Not finding a new argument, Lucy slowly followed her into the clearing, glancing doubtfully at Alan for guidance.

“All right. Let’s go for a moment. I’d like to see his face now. No Boche can successfully hide all his thoughts.”

“Perhaps not,” answered Lucy uncomfortably. “But the trouble is, I can’t either.”

She hardly met Franz’ eyes when the German opened the door for them, with his awkward bow and sour smile. To hide her face she bent over little Wilhelm and pulled up the ragged stockings falling down his cold, bare legs.

“How did you happen to see us, Franz?” inquired Alan, as nearly as his wretched German would permit. Alan’s verbs were always in the wrong place.

Franz puzzled for a second over the twisted phrase. Lucy wished Alan would not ask questions. As they entered the cottage Franz answered readily enough:

“I saw you and the Fräulein passing along by the clearing, and as you walked fast and seemed cold I sent the little one to ask you to warm yourselves by my fire. The Fräulein is very good to us. Trudchen!” he shouted, opening the door into the second room of the cottage.

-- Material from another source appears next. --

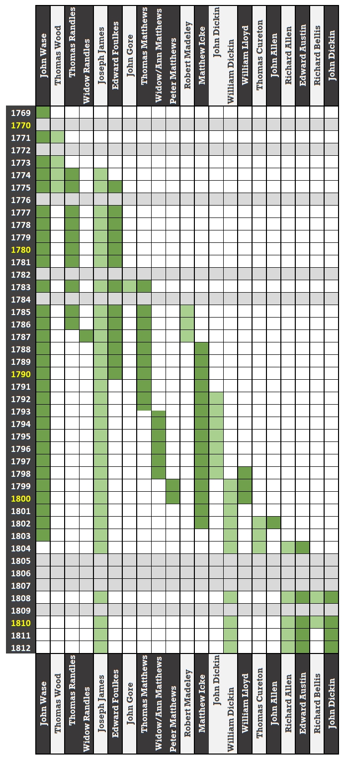 The grey lines across the chart indicate years – nine in all – for which I have found no published notices from the Cold Hatton Association in the period from 1769 to 1812. Three of those nine are, unfortunately, successive years: from 1805 to 1807. Otherwise, thankfully, there are one or more years on either side of the various gaps in the record, for which published notices are known. Bringing all of them together provides a useful resource for researching the area and its people, towards the end of a long period lacking the more detailed records created in later decades.
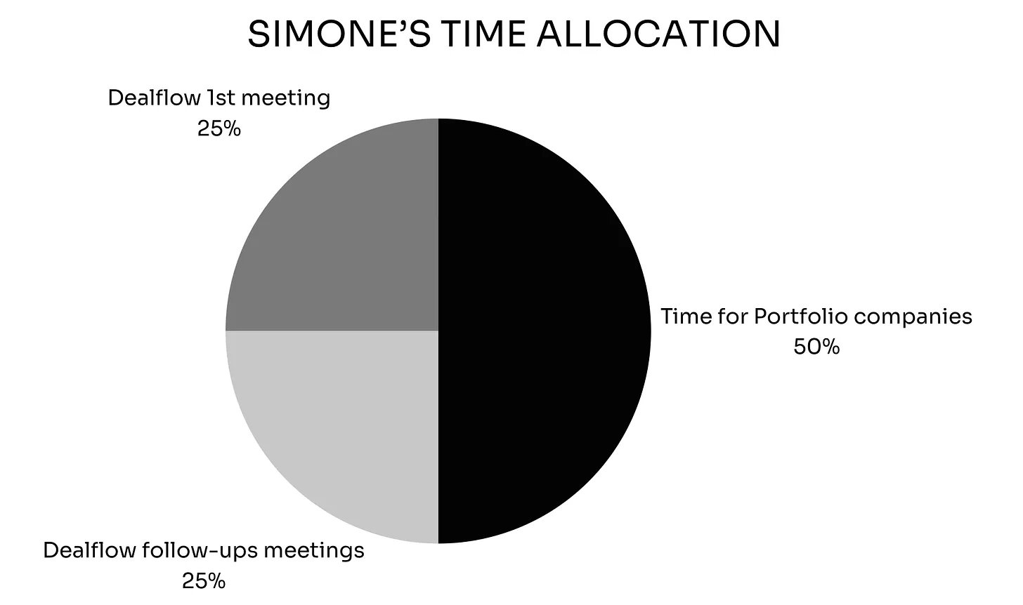 Each year, I meet 100-150 new founders (20-30% of the projects received). I keep up to twelve 45-minute slots open per week in my agenda for meetings. These slots are typically split evenly between meetings related to my portfolio companies and dealflow-related meetings.

Whatever Alan might decipher from Franz’ expression, Lucy did not get very far in reading it. He looked to her sombre, morose and unfriendly as ever, all his politeness no more than what his situation forced upon him. If his sharp eyes seemed to gleam with suspicious watchfulness she fancied that her own disturbed imagination put it there.

Alan, however, kept looking at Franz in critical silence, as the German pulled up stools before the fire and threw on pine boughs until the flame leaped up, all the while casting quick glances at his visitors and muttering short phrases of would-be civility, such as, “There, it burns. Draw up, now. The wife will come presently.”

Trudchen had answered in her dull, tired voice from the bedroom beyond, but she did not at once appear, but continued to drag her slippered feet back and forth across the floor. Lucy felt very uneasy, for she saw that Alan was in one of his moods of careless imprudence, which, when his thoughtless words or actions led to success, had won him fame and medals, and, when they brought him near disaster, had caused Arthur Leslie to frown over “that silly ass.”